Book The Power of Protocol

    Book Details:
  • Author : D. L. d'Avray
  • Publisher : Cambridge University Press
  • Release : 2023-08-10
  • ISBN : 1009361163
  • Pages : 279 pages

Download or read book The Power of Protocol written by D. L. d'Avray and published by Cambridge University Press. This book was released on 2023-08-10 with total page 279 pages. Available in PDF, EPUB and Kindle. Book excerpt: How did the papacy govern European religious life without a proper bureaucracy and the normal resources of a state? From late Antiquity, papal responses were in demand. The 'apostolic see' took over from Roman emperors the discourse and demeanour of a religious ruler of the Latin world.

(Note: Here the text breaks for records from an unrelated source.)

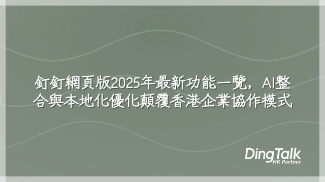 香港用戶現可透過釘釘網頁版2025年享受一系列針對本地需求設計的智能協作功能。這些升級不僅提升效率,更貼合金融、零售與專業服務業高頻溝通的運作節奏。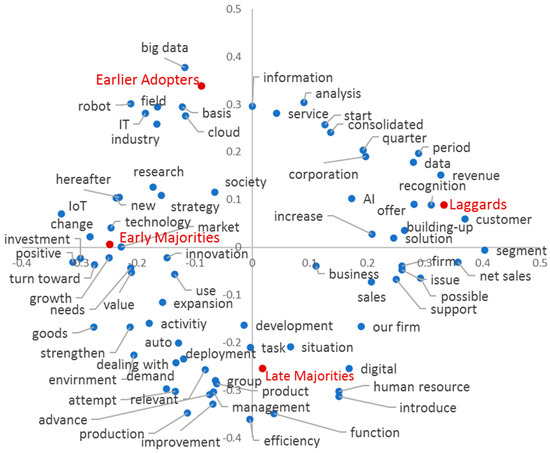 Figure 9 shows the results of the correspondence analysis based on innovation theory. Figure 7 and Figure 9 appear similar, however while Figure 7 samples the text of all firms in a given year, Figure 9 uses only the text of firms in each adopter category. Accordingly, four categories are proposed: earlier adopters, early majorities, late majorities, and laggards. Earlier adopters recognized AI as a related technology, such as “big data”, “IT”, “cloud”, and “robotics”. The early majorities focused on the future prospects of “investment”, “growth”, “aggressiveness”, and “change”. Meanwhile, the late majorities preferred to focus on “management”, “groups”, “human resources”, “operations”, and “efficiency”, which are management functions. The laggards in 2022 mostly mentioned accounting terms, such as “revenue”, “segment”, and “sales”, in addition to the marketing-related terms “customer”, “build”, and “solution”. In other words, the focus of participants shifted to technology awareness (earlier adopters), future investment (early majorities), group strategies and applications (late majorities), and marketing and accounting (laggards). This flow is similar to the stages of AI perception depicted in Figure 8.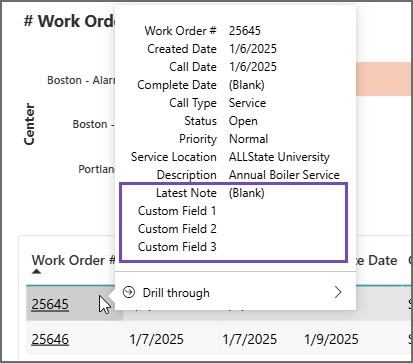 Bewegen Sie in der Tabelle "Arbeitsaufträge" den Mauszeiger über einen Arbeitsauftrag, um wichtige Erkenntnisse für den Arbeitsauftrag anzuzeigen, einschließlich der neuesten Notiz und der drei relevantesten benutzerdefinierten Felder.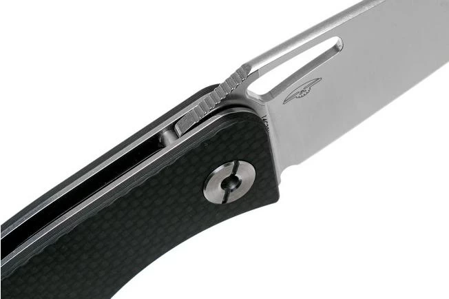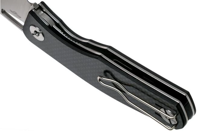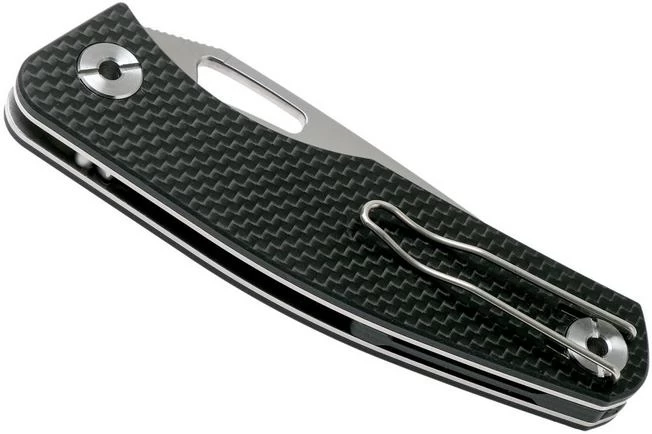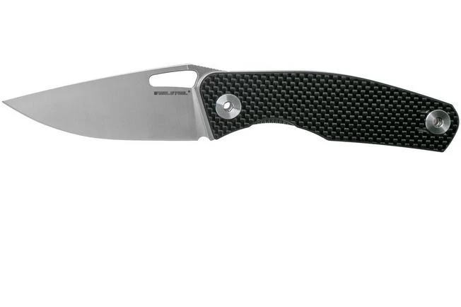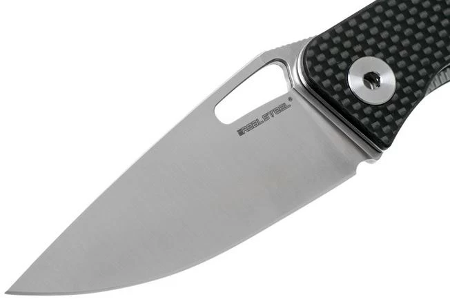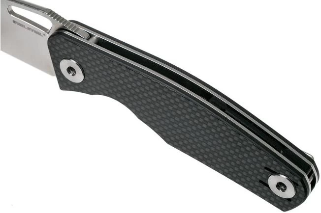 The Real Steel Terra CF 7454 is a practical EDC pocket knife, designed by Poltergeist Works. This Polish knife maker is known for his robust and sleek designs. The Terra is no exception. The blade hasb een enhanced with a Full Flat Grind. This means that the blade has a thin grind from the spine to the edge. The only interruption you see is that of the razor-sharp edge.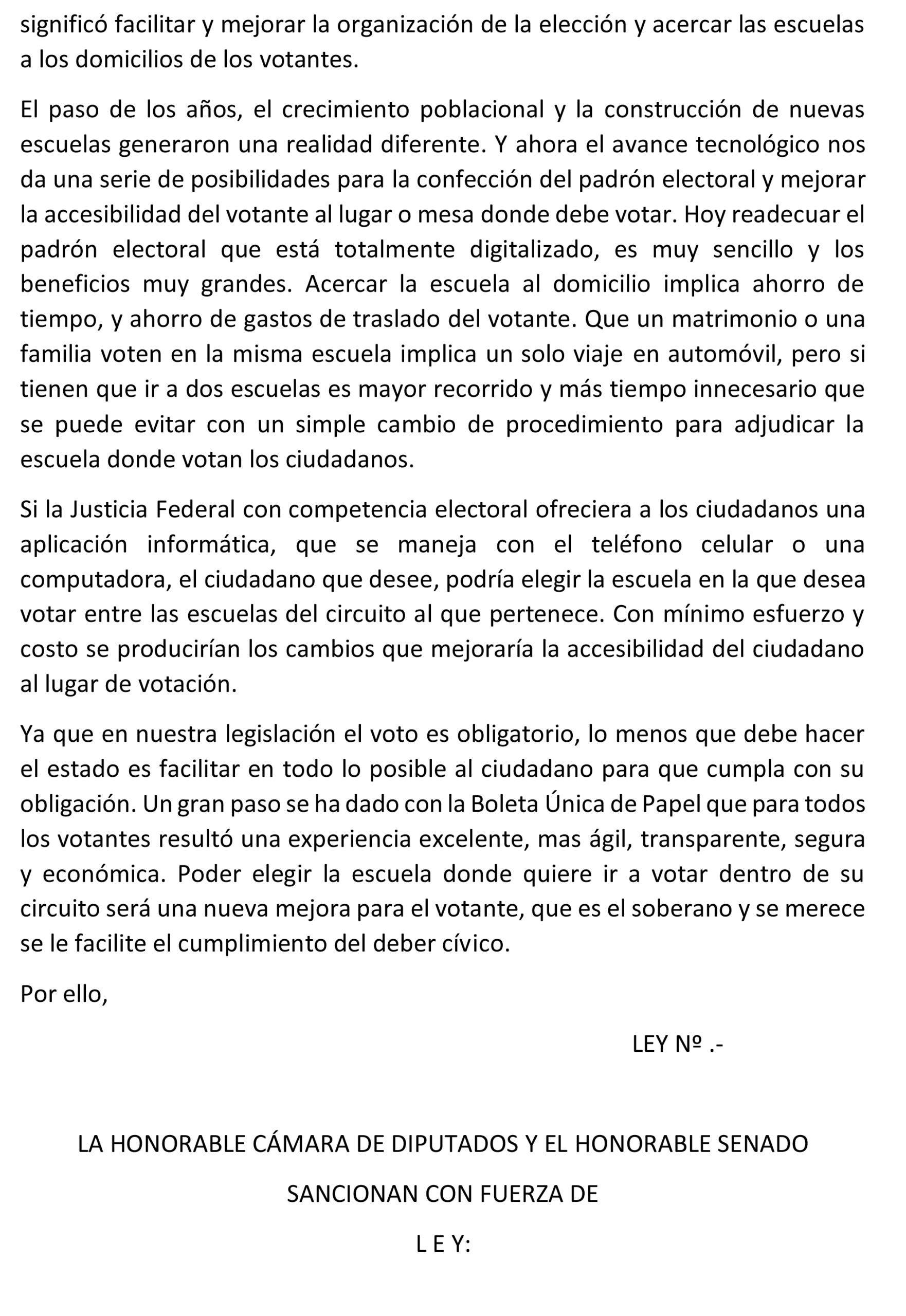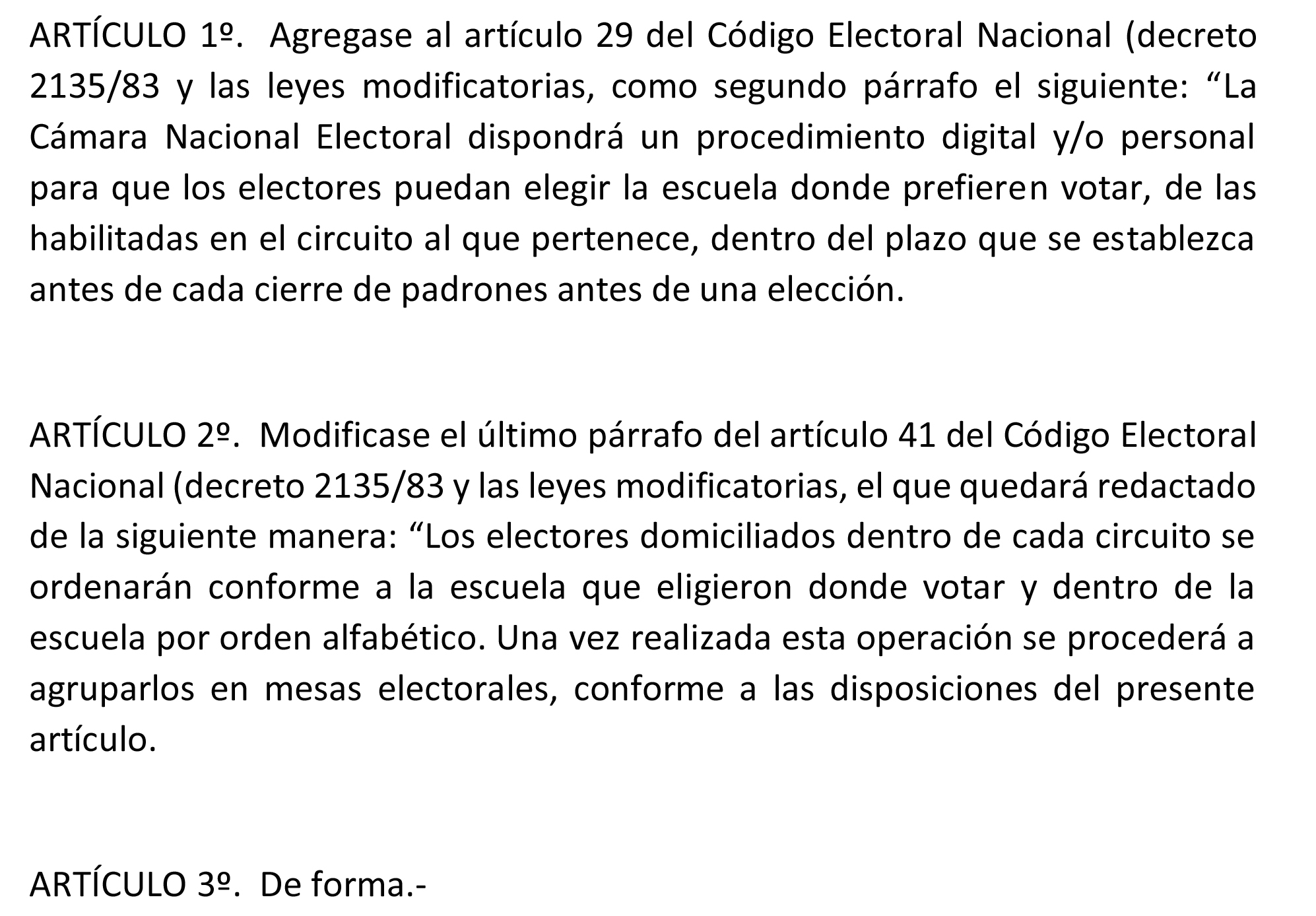 La iniciativa fue presentada en la Cámara de Diputados de la Nación y su objeto es lograr la modificación del Sistema de Asignación de Escuelas de Votación, de acuerdo con el domicilio del votante y el circuito al que pertenece.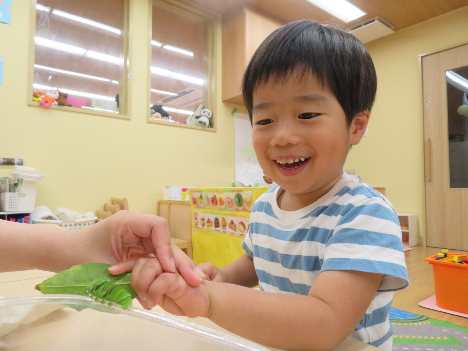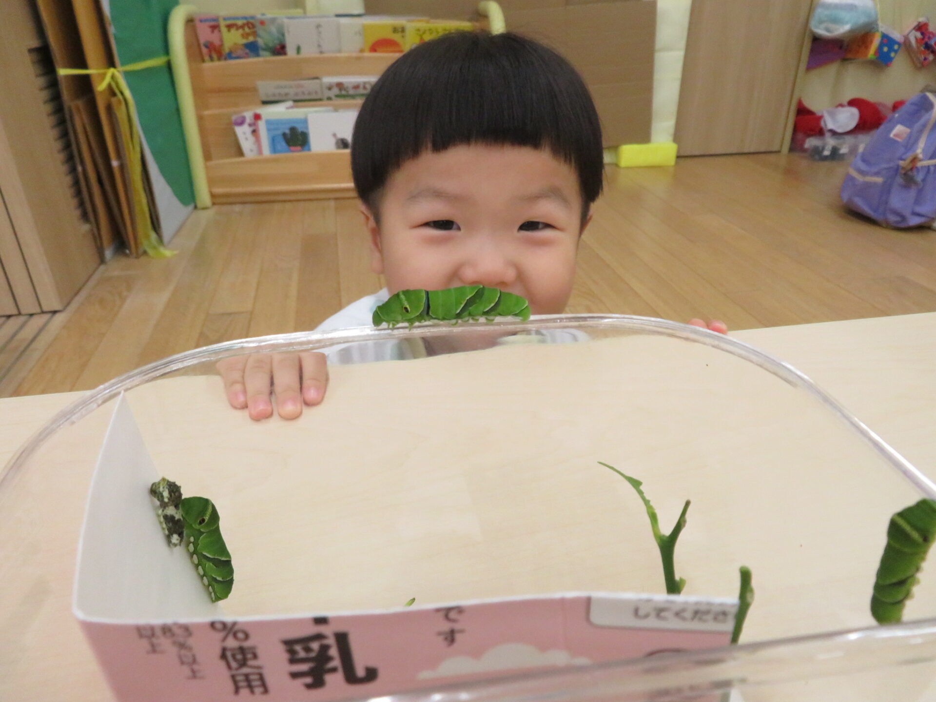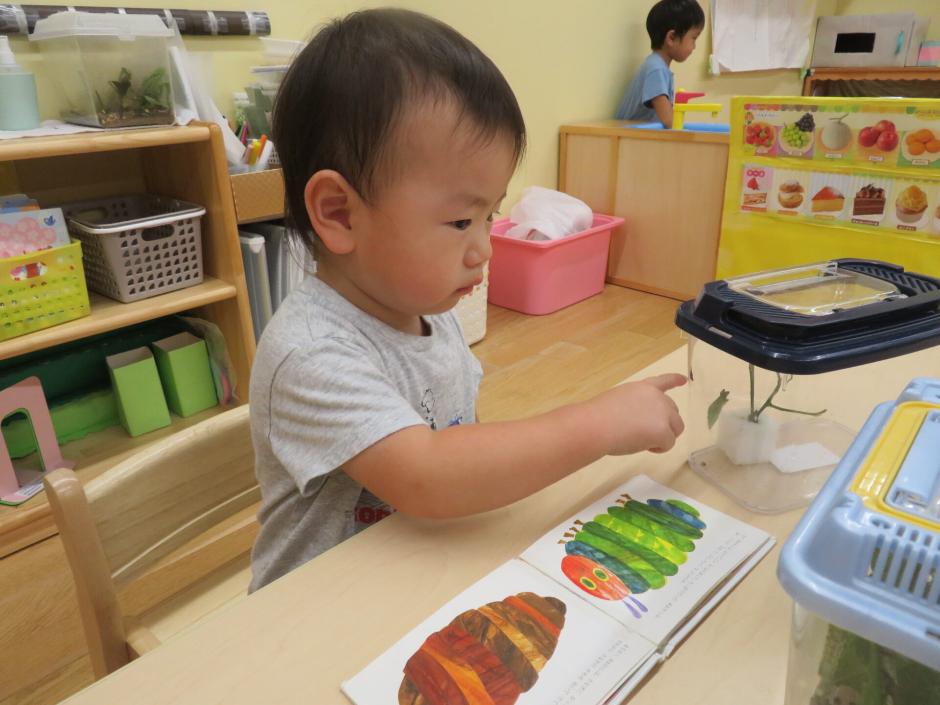 『はらぺこあおむし』の絵本をケースの近くに持ってくると、「一緒!」と保育者に教えてくれました。

Over the centuries, it acquired governmental authority analogous to that of a secular state – except that it lacked powers of physical enforcement, a solid financial base (aside from short periods) and a bureaucracy as defined by Max Weber. Through the discipline of Applied Diplomatics, which investigates the structures and settings of documents to solve substantive historical problems, The Power of Protocol explores how such a demand for papal services was met. It is about the genesis and structure of papal documents – a key to papal history generally – from the Roman empire to after the Council of Trent in the sixteenth century, and is the only book of its kind.